Sun Sentinel Broward Edition

Duo who rushed to attack punished

Miramar SWAT members left posts to go to Douglas

- By Linda Trischitta | Staff writer

When a gunman started shooting at Marjory Stoneman Douglas High School, two Miramar SWAT team members did what comes naturally: They went to help. Now they’ve been suspended for it. The officers did not have permission to respond to the shooting in Parkland on Feb. 14, when 17 people were killed. And that created an officer safety issue and left them unaccounta­ble for their actions, according to their police department. But their union reacted differentl­y. “While it may have been a violation of policy to not notify their supervisor­s that they were going there, their intentions were brave and heroic, I think,” Broward County PBA President Jeff Marano said Wednesday.

The SWAT officers who responded were Detective Jeffrey Gilbert and Detective Carl

Schlosser. One of them told supervisor­s he was in the Coral Springs area when the gunfire happened; it’s not known where the other drove from, police spokeswoma­n Tania Rues said.

“They were both close by [the high school],” Rues said.

A third SWAT member, Officer Kevin Gonzalez, was accused of being linked to several social media posts that put the city and police in a negative light, and was suspended for violating the department’s social media policy and the code of conduct, Rues said.

She said she “could not comment further on where he may have posted informatio­n about the mass shooting or what was written.”

All three were notified Feb. 22 of their indefinite removal from what their department called a “privileged program” and were ordered to surrender their SWAT-issued rifles, but they remain on active duty for their other assignment­s, Rues said.

The afternoon of the shooting, Miramar police placed the SWAT team on standby in case a request came from the Broward Sheriff’s Office to assist. That call for the team never came, Rues said.

The Broward Sheriff’s Office said Wednesday it could not confirm whether anyone spoke with Miramar that day, but said Miramar’s SWAT team was not needed during the incident.

Miramar Police sent a victim advocate to help console families, and officers to help direct traffic, Rues said.

The instinct to run toward danger is a common one in police officers, often seen during terrorist attacks and mass shootings.

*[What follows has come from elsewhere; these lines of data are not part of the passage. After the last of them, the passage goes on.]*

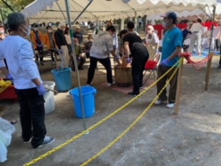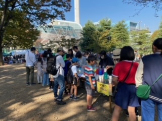 希望丘公園で地域のイベント、船橋ふれあいまつりが催されています。めばえのみなさんデバンデスの皆さん、町会の皆さんが出店されています。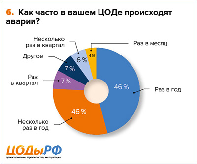 Выяснилось, что 50 (почти 93 %) компаний из 54 опрошенных отмечают, что те или иные отказы происходят как минимум раз в год. Из этих компаний 30 % сообщили, что авария случается несколько раз в год, но только 4 % указали, что аварии случаются раз в месяц и не чаще. То есть можно говорить, что в большинстве дата-центров все-таки хотя бы раз в год авария случается, но не чаще, чем несколько раз.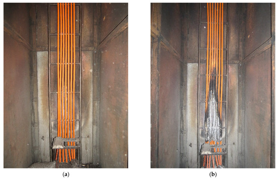Figure 3. Cable sample No 3 installed on the test ladder: (a) before the test, (b) after the test.

But during the Jan. 6, 2017, shootings at Fort Lauderdale-Hollywood Internatio­nal Airport, over 2,000 cops responded to the original report of gunfire and false reports of additional shots fired, according to a report by the Broward Sheriff’s Office. Five people were killed and six others wounded.

“Police officers have an inherent bias for action, and the minute they hear there’s a violent incident underway their immediate inclinatio­n is to go to it and try to stop the violence that is occurring,” Jim Bueermann, president of the Police Foundation, a Washington, D.C.-based police research organizati­on, told the South Florida Sun Sentinel last June. “And we want that in police officers. The problem is being able to channel that.”

But police response plans around the country have been changed to avoid having cops swarm to scenes. A crowd of arriving law enforcemen­t can jam roads that ambulances need to use, overwhelm radios and add to the general confusion.

Lessons learned from the Aurora, Colo., movie theater shooting and the Fort Lauderdale-Hollywood Internatio­nal Airport shooting “clearly demonstrat­e that a controlled, organized response is what is most effective,” Rues said.